* _WORK INSTRUCTION_:
Using the listing below, return every line that includes "Kassel".

* _RECORDS FOR PROCESSING_:
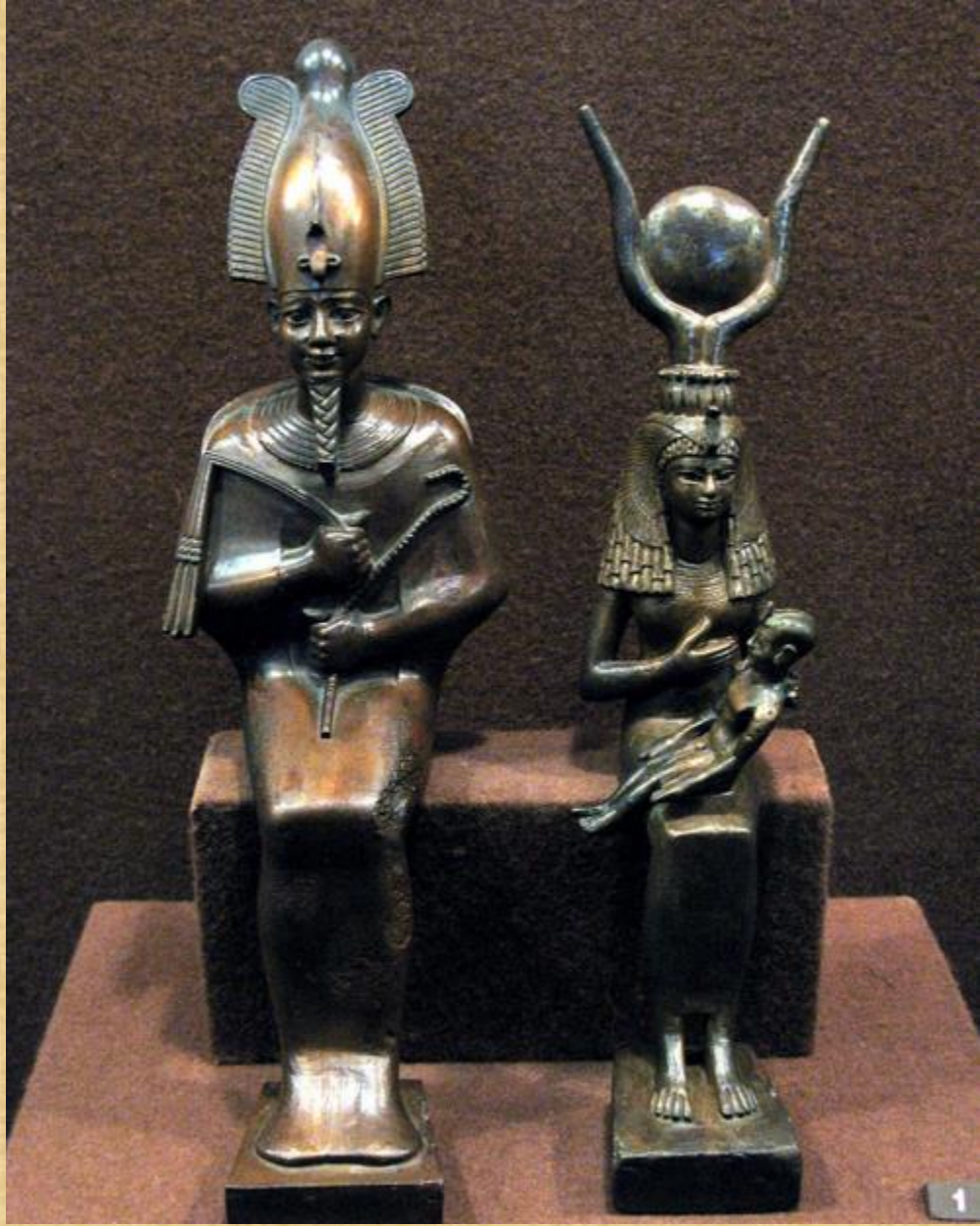
واخر في متحف اللوفر
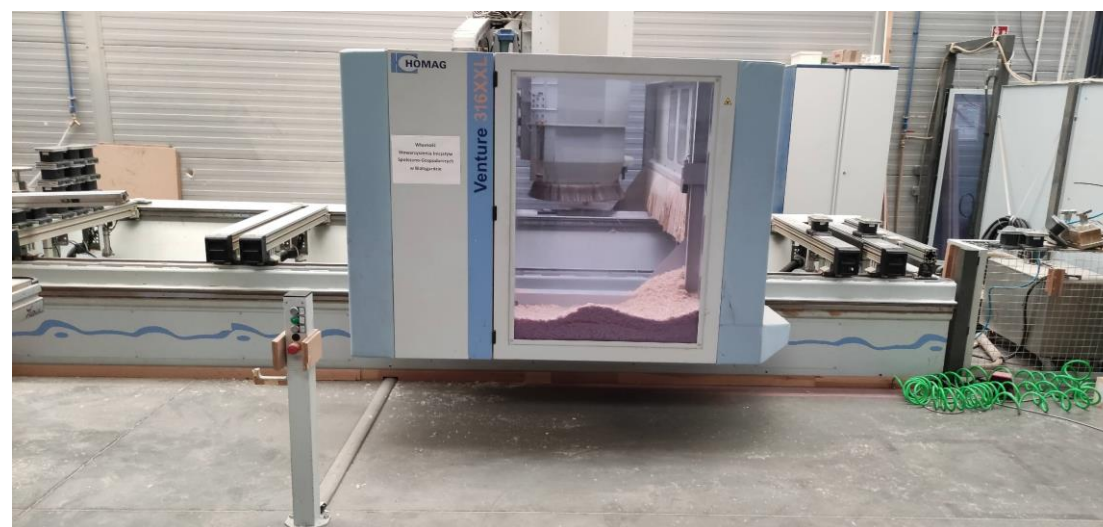
Fot. 1, 2, 3. Widok ogólny maszyny
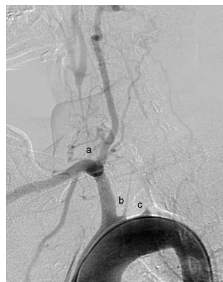
Obr. 3. Angiografický obrázek Takayasu arteritidy v chronickém stadiu s obliteracemi magistralních mozkových tepen. Mozek je zásobován jedinou mohutnou vertebrální tepnou. a – obliterace pravé společné karotidy, b – obliterace levé společné karotidy, c – obliterace levostranné podklíčkové tepny.

Léčba chronické periaortitidy a retroperitoneální fibrózy závisí na stupni renální insuficience. V případech pokročilého renálního selhání je indikováno včasné odstranění obstrukce močovýchodů a to buď retrogradní katetrizací ureterů, nebo perkutánní nefrostomií. Následuje operační řešení spočívající v uvolnění močovýchodů z okolního vaziva. Postoperačně je doporučována léčba kortikoidy k zabránění progresu onemocnění. V případě absence významnější renální insuficience doporučuje řada autorů primárně postupovat konzervativně a nemocné léčit kortikoidy. Ty vedou k ústupu systémových příznaků i ústupu uretrální obstrukce [23].
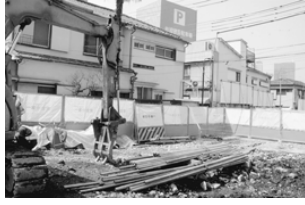
解体された自宅跡
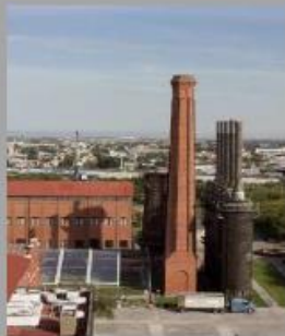
Los edificios históricos del Parque Fundidora son de ladrillo rojo.
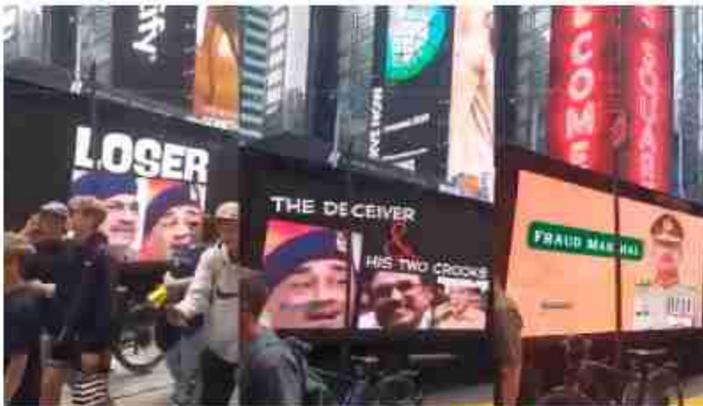
अली जरदारी और पूर्व प्रधानमंत्री नवाज शरीफ को दो बदमाशों के रूप में चित्रित किया गया है। इस घटना को पाकिस्तान में हाल ही में हार के
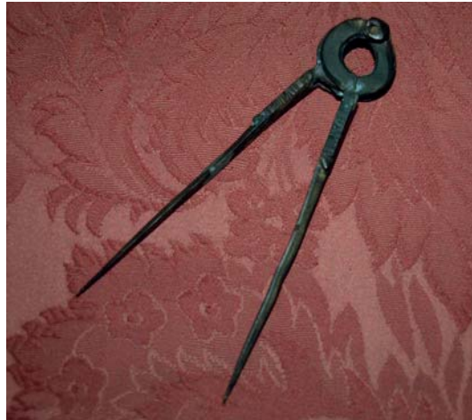
Compás del San Jerónimo . Museo Naval de Ferrol.

Indicar además que desde el mismo momento del naufragio se intentó recuperar de los pecios todo lo que se pudo, obviamente. De hecho, en 1597 la desafortunada formación de Martín de Padilla estaba lista para marchar sobre Inglaterra, lo que indica que se pudo rescatar buena parte de lo perdido. Y ya hemos visto cómo a veces los lugareños, o empresas de salvamento, extraían materiales de los naufragios. No se trataba, ni mucho menos, de yacimientos intactos.
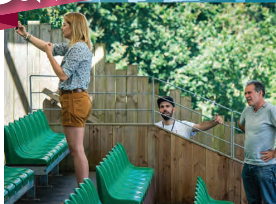
Louane en mode vidéo selfie pour annoncer sur les réseaux sociaux l'avancée de l'heure du concert de dimanche.
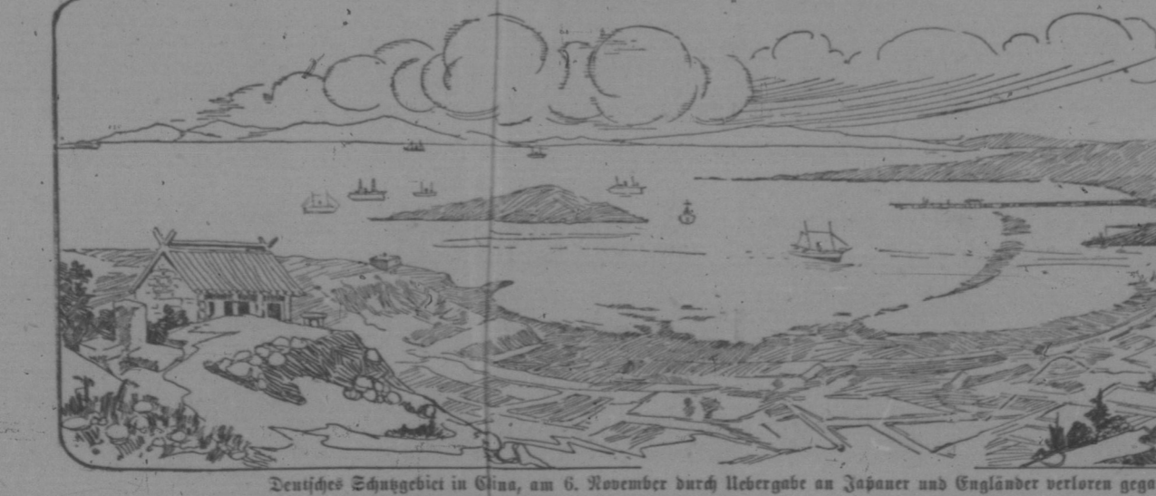
Deutsches Schutzbereich in China, am 6. November durch Uebergabe an Japaner und Engländer verloren gegangen.
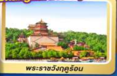
พระราชวังกุรุง
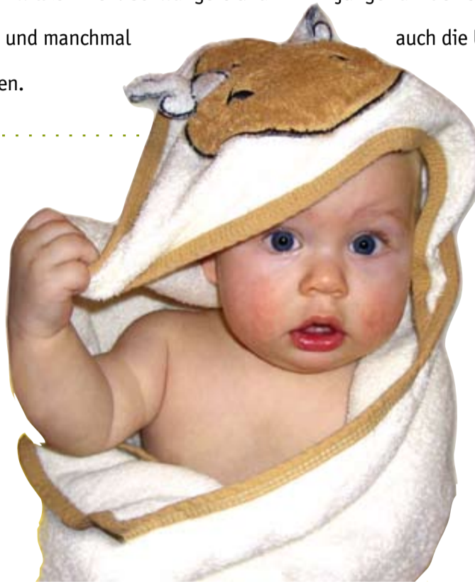
Glückliche und gesunde Kinder in Kassel – das ist das Ziel des Projektes „Willkommen von Anfang an – Gesunde Kinder in Kassel“.

Was verbirgt sich nun aber im Detail hinter dem Projekt? Zweierlei, denn das Projekt bündelt zum einen die vielfältigen Informations-, Beratungs- und Hilfeangebote für Schwangere und Familien, die es in Kassel bereits gibt, und fördert zum anderen die Abstimmung zwischen den unterschiedlichen Anbietern bzw. Trägern. Insgesamt sind es bereits
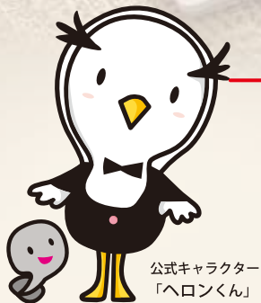
公式キャラクター 「ヘロンくん」

* _FINISHED TASK_:
Glückliche und gesunde Kinder in Kassel – das ist das Ziel des Projektes „Willkommen von Anfang an – Gesunde Kinder in Kassel“.
Was verbirgt sich nun aber im Detail hinter dem Projekt? Zweierlei, denn das Projekt bündelt zum einen die vielfältigen Informations-, Beratungs- und Hilfeangebote für Schwangere und Familien, die es in Kassel bereits gibt, und fördert zum anderen die Abstimmung zwischen den unterschiedlichen Anbietern bzw. Trägern. Insgesamt sind es bereits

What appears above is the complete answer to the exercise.